Atanu has written three posts as part of a series [1 2 3]. Key points:
What exactly is the role of ICT in any economy? The answer can be succinctly stated as: It reduces transaction costs.
What, you may ask, is transaction costs? The answer is this: pretty much everything is transaction costs, with a little bit of physical stuff thrown in.
Transaction costs are ubiquitous. Consider what happens in any organization, say a car manufacturing firm. Cars are produced by people using machines to transform steel and other stuff. If you add up the costs — labor, material, and machines — the car would not cost all that much. But when you add the fact that there are other people employed by the car firm who have nothing to do with the manufacturing of cars, you realize that they represent transaction costs. For instance, you have managers, and accountants, and secretaries, and human resources divisions, … the list goes on. They all represent transaction costs. And the greater the transaction costs, the higher the cost of production. Why do firms exist? Because they reduce transaction costs.

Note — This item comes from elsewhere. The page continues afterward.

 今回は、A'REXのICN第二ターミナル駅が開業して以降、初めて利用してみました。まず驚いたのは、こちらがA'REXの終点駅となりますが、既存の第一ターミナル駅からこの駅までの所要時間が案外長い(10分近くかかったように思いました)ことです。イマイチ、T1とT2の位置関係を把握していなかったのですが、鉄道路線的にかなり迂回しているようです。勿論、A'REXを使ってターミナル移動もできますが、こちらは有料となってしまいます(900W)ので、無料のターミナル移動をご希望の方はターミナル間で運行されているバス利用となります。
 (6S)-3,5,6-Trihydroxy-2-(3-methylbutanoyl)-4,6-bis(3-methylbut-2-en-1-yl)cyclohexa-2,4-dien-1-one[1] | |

Ultimately, one can explain pretty much all organizations as an attempt to systematically reduce transaction costs. Economies of scale, scope, and agglomeration themselves arise from the reduction of transaction costs.

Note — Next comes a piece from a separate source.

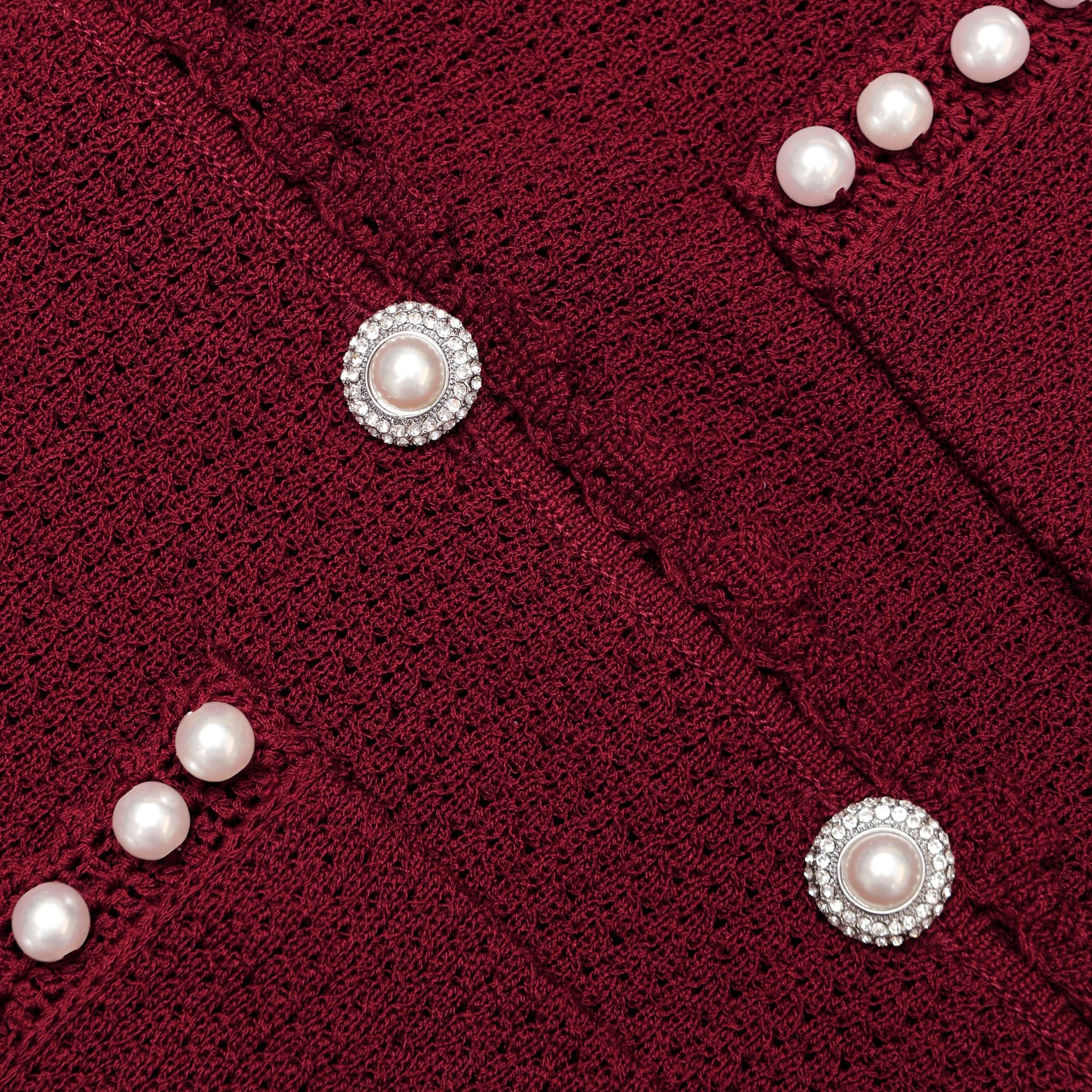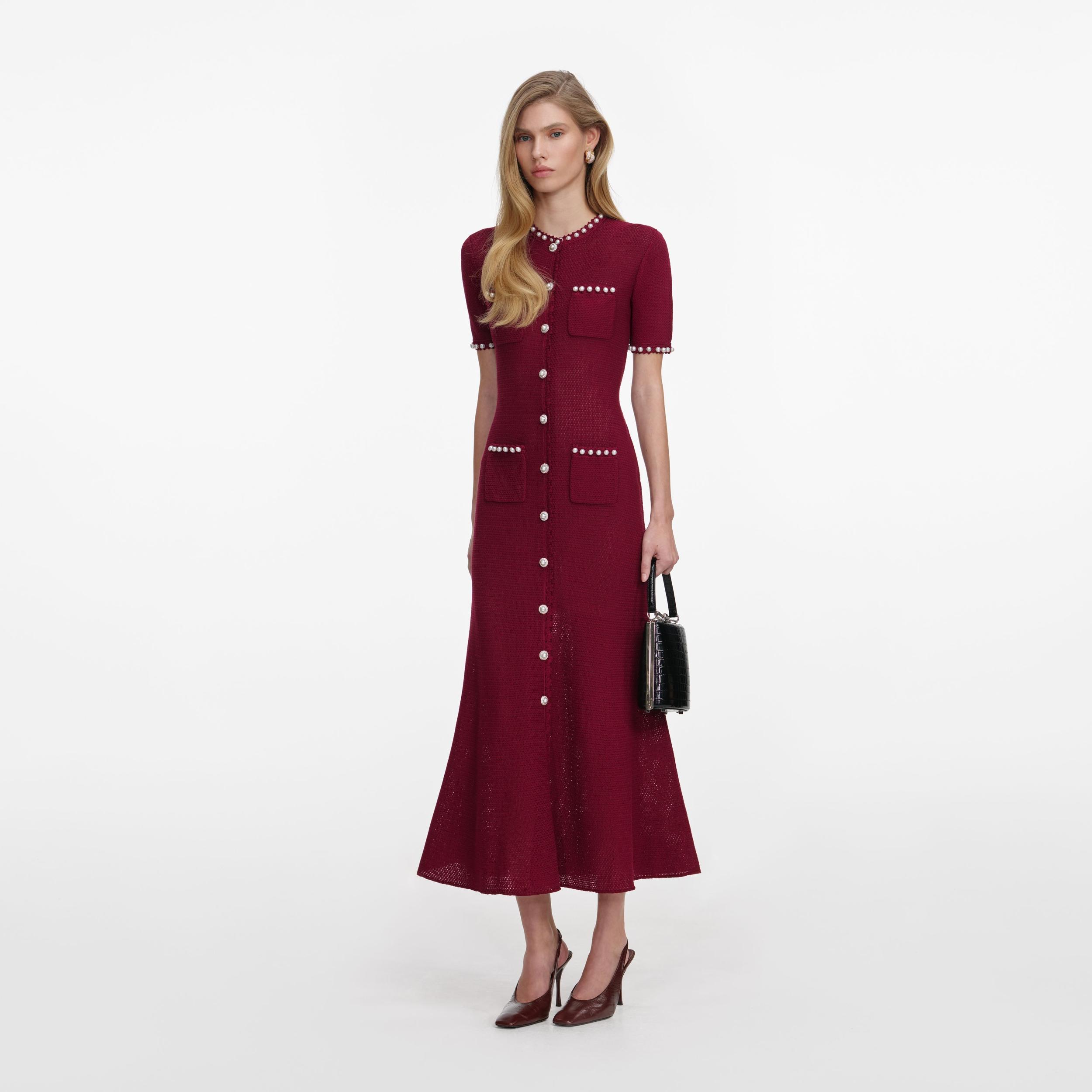 A no-brainer for work and play, faux pearl accents and rope trims add a luxurious touch to this burgundy knit midi dress. Pair with heels to show off its fit-and-flare silhouette for cocktail hour.True to sizeFabric has stretchButton closure down frontFaux pearl trimsFunctional pocketsModel is 5ft10/178cm and wears a size S

Turning to the issue of developing countries and the use of ICT, the matter central to our discussion. Developing countries are resource constrained and therefore reducing transaction costs is a great way to stretch resources.

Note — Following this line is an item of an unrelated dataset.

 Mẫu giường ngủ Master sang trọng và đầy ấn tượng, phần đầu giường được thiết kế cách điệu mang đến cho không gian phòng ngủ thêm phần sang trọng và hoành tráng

A high-quality always-on widely available affordable communications network is an absolutely essential part of the infrastructure for any economy, especially a developing one. Since this requires significant fixed costs and since there are immense positive externalities (network and consumption externalities), the market will underprovide communications networks. Therefore, the provision of a communications network should be subsidized for achieving the socially optimal solution. Conversely, taxing the provision of a communicatins network would have negative consequences. And that is what short-sighted money-grubbing developing country policy makers do: they tax the sector instead of subsidizing it.